Other examples of functions can also be provided. The printed
circuit board 114 and wire bonds (not shown) provide the electrical
interconnections between the integrated circuit 116 and the pads
120. The pads 120 can be connected to external devices in one
example.
[0029] The solder ring 118 forms a narrow channel 132 in which
sound flows from the vertical channel 124, across the bottom
surface 126 of the assembly 100, to the bottom port 122 (and into
the assembly 100) in the direction indicated by the arrow labeled
130. The narrow channel 132 is formed with the ring conductor trace
and thickness of the applied solder as wall, the apparatus 100 as
the top, and the entity on which the apparatus 100 is disposed
(e.g., a mounting substrate) being the bottom. In one example, this
narrow channel 132 is a sealed space. In other aspects, the narrow
channel 132 provides for attenuation of the sound energy that flows
through the narrow channel 132. Thus, peak damping of frequency
response is provided. The dimensions of the solder ring 118 and the
dimensions of the narrow channel 132 (e.g., the distance from the
opening of channel 124 and the bottom port 122 and width of the
channel) are chosen so as to achieve the amount of damping that is
desired. In one example when the solder ring is circular (e.g., see
FIG. 1D), the thickness of the conductor ring and solder (i.e., the
solder ring) is approximately 100 microns (this thickness of the
channel is inclusive of the thickness of conductor ring on the
microphone, thickness of the solder between the microphone and
substrate, and the thickness of the conductor ring on the
substrate), and the length of the narrow channel is approximately 1
mm and the internal diameter of the conductor ring in FIG. 1D is
2.5 mm. This provides damping of approximately 9 dB compared to a
top port microphone. The narrow channel also inhibits debris from
entering into the apparatus 100 since it is narrow along the path
130.
[0030] It will appreciated that sound enters through the top of the
apparatus 100, flows through the channel 124, and then flows across
the narrow channel 132 and into the device 100 via the bottom port
122. Consequently, the apparatus allows a sound energy to begin
traversing its path at the top of the device while still providing
the advantages of a bottom port device (e.g., the back volume 112
is relatively large). In other words, the advantages of both a top
port device (e.g., the position where the apparatus 100 is disposed
requires top port sound entry) and bottom port device (e.g., large
back volume) are provided.
[0031] It can be seen, for example, that the channel 124 does not
flow directly into the interior of the apparatus 100 to interact
with the MEMS device 106 as would be the case with prior top port
devices. In fact, if a top port were provided into the devices
shown here (and the channel 124 omitted), the back volume of the
present approaches would become a front volume and the air volume
110 of the present approaches would become a back volume. Hence,
the resultant front volume would be much larger than the resultant
back volume, when the exact opposite is desired. In contrast, by
using the approaches described herein the back volume is
significantly larger than the front volume while sound is allowed
to begin its journey into the assembly 100 from the top of the
assembly 100.
[0032] It will be appreciated that the approaches described herein
use a vertical channel that passes through the assembly. However,
it will be understood that other approaches for moving sound from
the top to the bottom (e.g., tubes, pipes, to mention two examples)
may also be used.
[0033] Referring now to FIGS. 2A and 2B, an example of a dual
microphone assembly or apparatus 200 is described. Although the
assembly of FIGS. 2A and 2B is associated with two microphones, it
will be appreciated that these approaches can be applied to devices
with any number of microphones. The apparatus 200 includes a cover
202, side walls 204, a first micro-electromechanical system (MEMS)

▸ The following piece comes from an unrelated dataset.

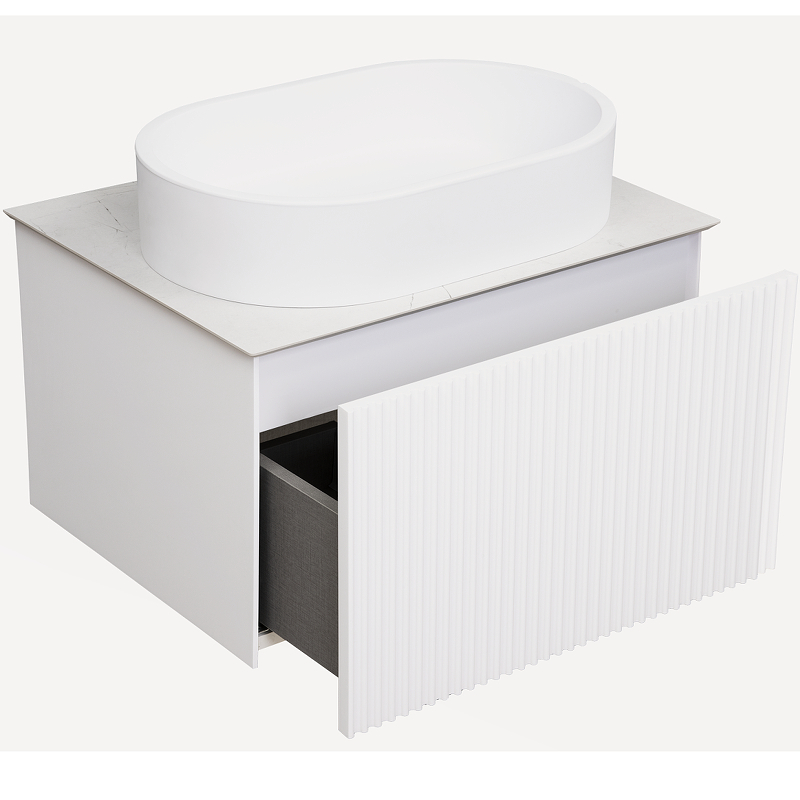 Белая мраморная столешница выполнена из неполированного керамогранита.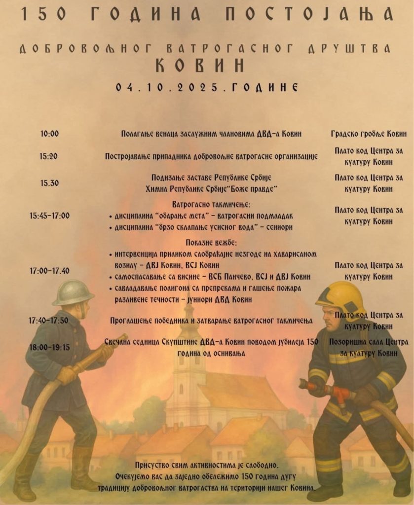 У суботу, 4. октобра 2025. године свечано ће се обележити 150 година постојања Добровољног ватрогасног друштва Ковин. Овај значајан јубилеј обележава се у знак сећања на дугу и богату традицију добровољног ватрогаства на територији наше општине, као и...

device 206, a first diaphragm 208, a first MEMS cavity volume 210,
a first back volume 212, a base printed circuit board 214, a first
integrated circuit 216, and a first solder ring 218. A first bottom
port 222 extends through the printed circuit board 214 from a
bottom surface 226. A first vertical channel 224 extends from a top
surface 228 to the bottom surface 226. The first
micro-electromechanical system (MEMS) device 206, first diaphragm
208, first MEMS cavity volume 210, first back volume 212, and first
integrated circuit 216 form a first microphone of the assembly
200.
[0034] The apparatus 200 also includes a second
micro-electromechanical system (MEMS) device 256, a second
diaphragm 258, a second MEMS cavity volume 260, a second back
volume 262, a second integrated circuit 266, and a second solder
ring 268. A second bottom port 272 extends through the printed
circuit board 214 from a bottom surface 226. A second vertical
channel 274 extends from a bottom surface 280 of the mounting
substrate 203 to a top surface 282 of the substrate 203. A wall 284
extends between the first microphone and the second microphone. The
second micro-electromechanical system (MEMS) device 256, second
diaphragm 258, second MEMS cavity volume 260, second back volume
262, and second integrated circuit 266 form a second microphone of
the assembly 200.
[0035] The various components mentioned above with respect to FIGS.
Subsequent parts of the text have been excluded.